> **WHAT YOU HAVE TO DO**:
The reply should reproduce every line of the data below word for word, minus any images.

> **DATASET CONTENT**:
Content starts

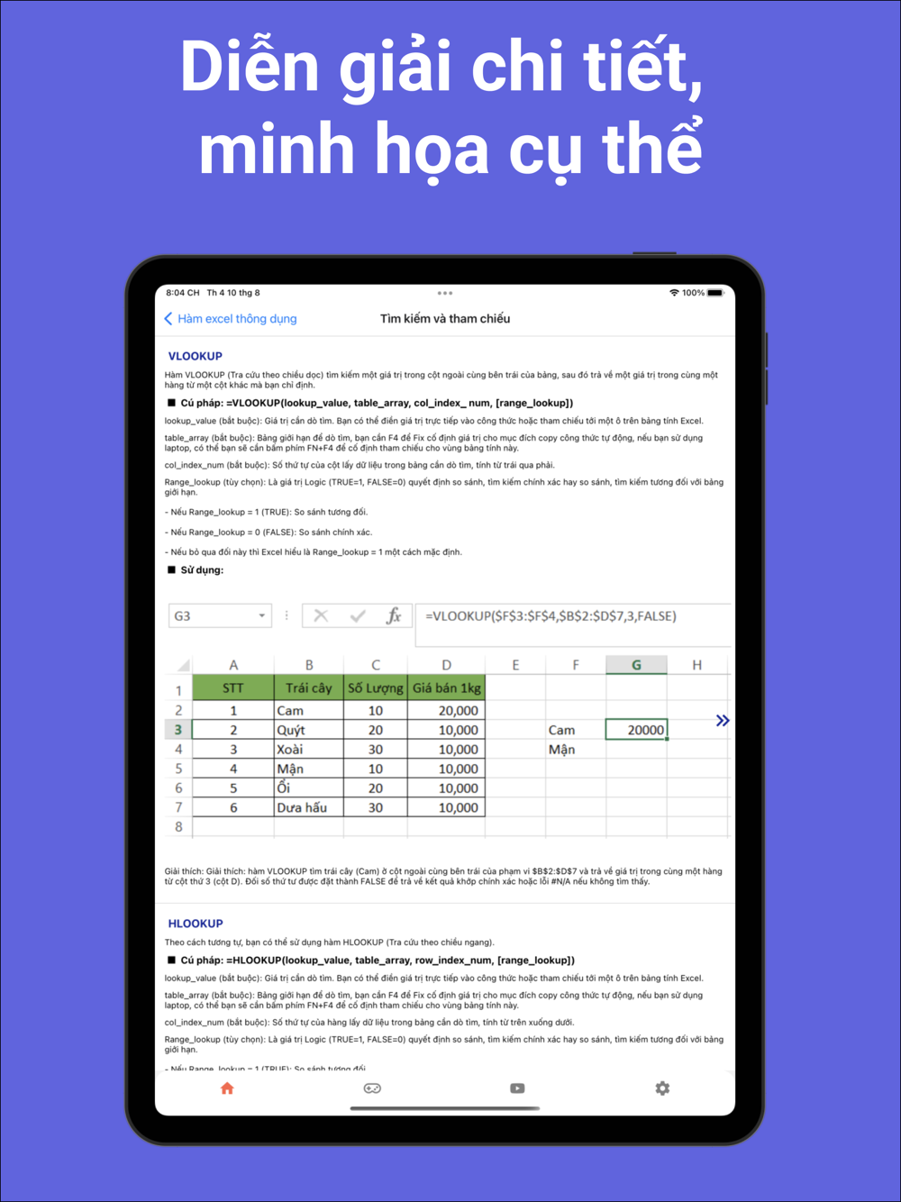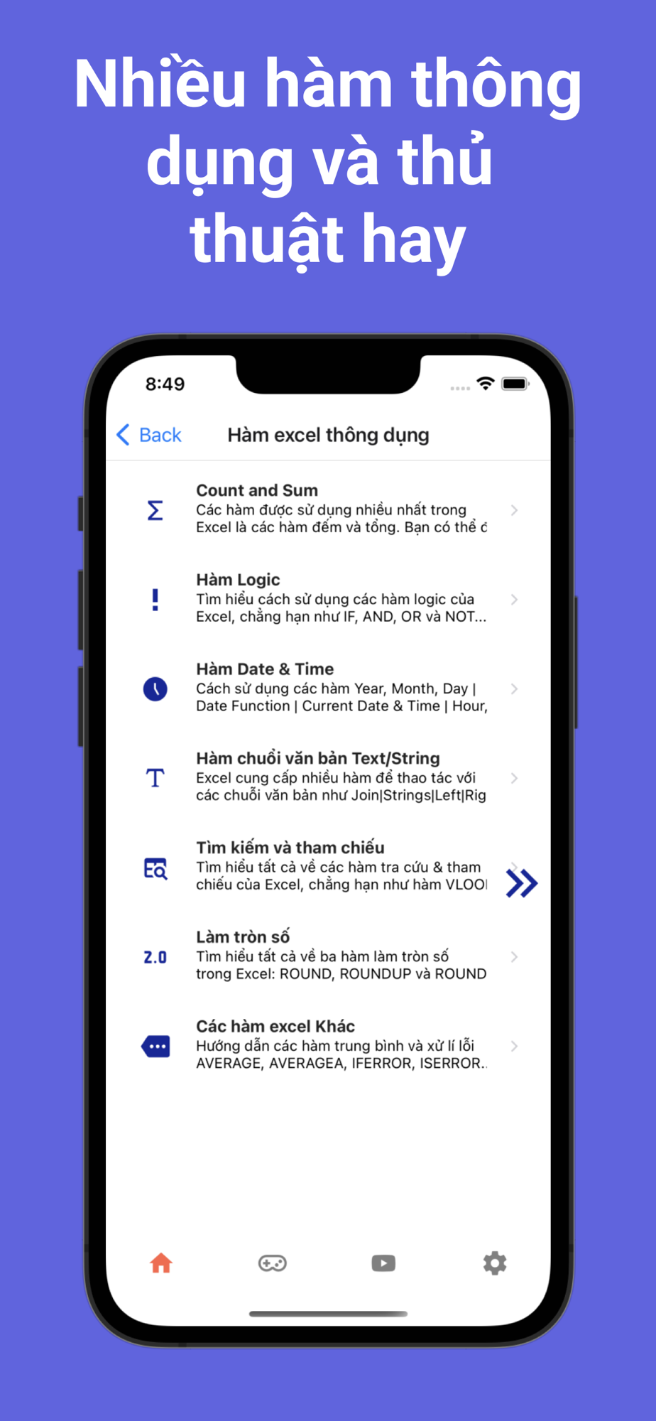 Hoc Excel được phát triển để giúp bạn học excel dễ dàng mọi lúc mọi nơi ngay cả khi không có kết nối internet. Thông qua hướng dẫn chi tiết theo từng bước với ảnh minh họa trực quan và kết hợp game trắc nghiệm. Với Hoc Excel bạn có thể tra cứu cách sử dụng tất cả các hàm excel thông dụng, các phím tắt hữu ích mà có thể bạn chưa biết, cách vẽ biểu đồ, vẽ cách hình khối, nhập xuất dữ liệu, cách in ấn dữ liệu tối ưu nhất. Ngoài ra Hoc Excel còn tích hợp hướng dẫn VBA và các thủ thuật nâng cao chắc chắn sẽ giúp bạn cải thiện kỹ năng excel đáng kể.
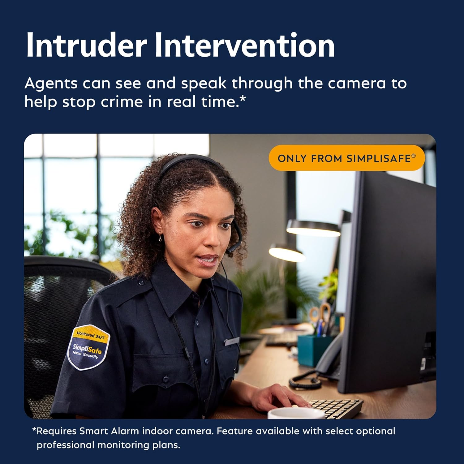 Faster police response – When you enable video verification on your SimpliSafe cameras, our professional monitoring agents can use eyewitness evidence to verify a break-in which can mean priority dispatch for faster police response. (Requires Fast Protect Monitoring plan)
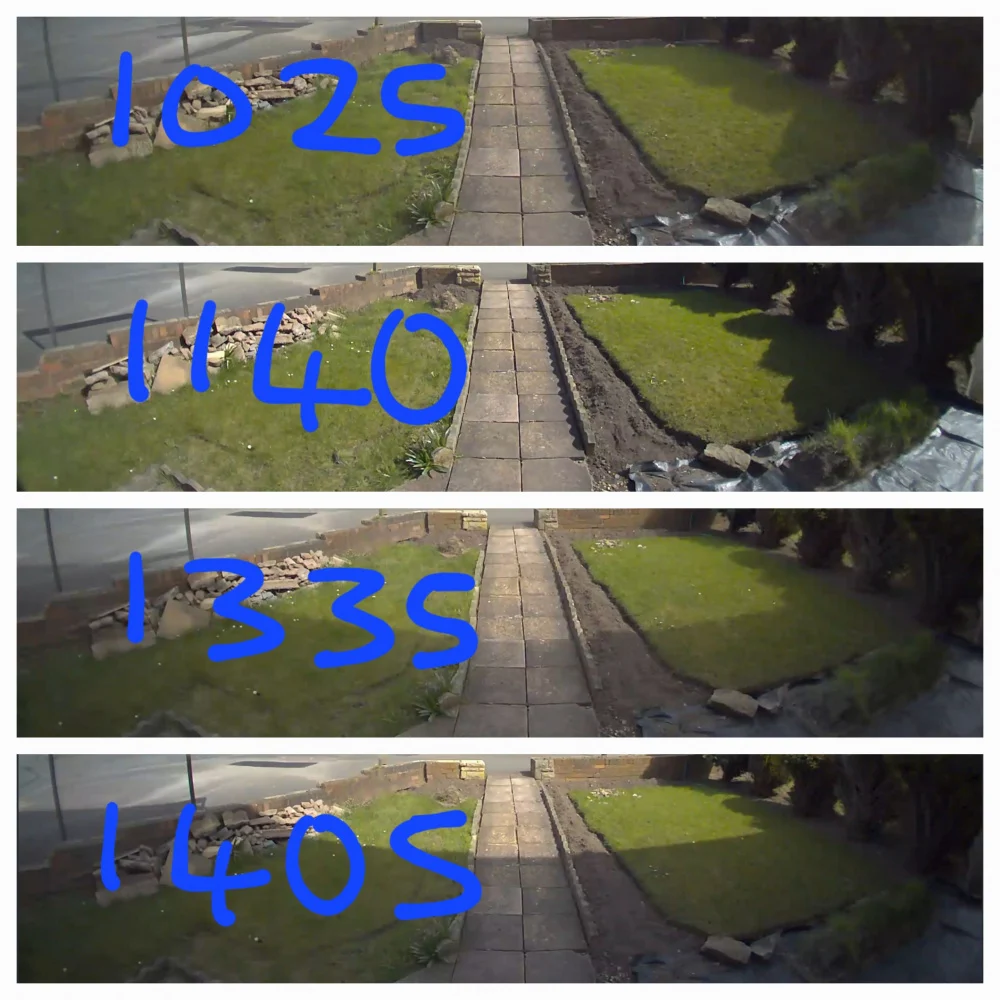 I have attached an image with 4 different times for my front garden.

Content ends

> **RESULT FOR THIS EXERCISE**:
 Hoc Excel được phát triển để giúp bạn học excel dễ dàng mọi lúc mọi nơi ngay cả khi không có kết nối internet. Thông qua hướng dẫn chi tiết theo từng bước với ảnh minh họa trực quan và kết hợp game trắc nghiệm. Với Hoc Excel bạn có thể tra cứu cách sử dụng tất cả các hàm excel thông dụng, các phím tắt hữu ích mà có thể bạn chưa biết, cách vẽ biểu đồ, vẽ cách hình khối, nhập xuất dữ liệu, cách in ấn dữ liệu tối ưu nhất. Ngoài ra Hoc Excel còn tích hợp hướng dẫn VBA và các thủ thuật nâng cao chắc chắn sẽ giúp bạn cải thiện kỹ năng excel đáng kể.
 Faster police response – When you enable video verification on your SimpliSafe cameras, our professional monitoring agents can use eyewitness evidence to verify a break-in which can mean priority dispatch for faster police response. (Requires Fast Protect Monitoring plan)
 I have attached an image with 4 different times for my front garden.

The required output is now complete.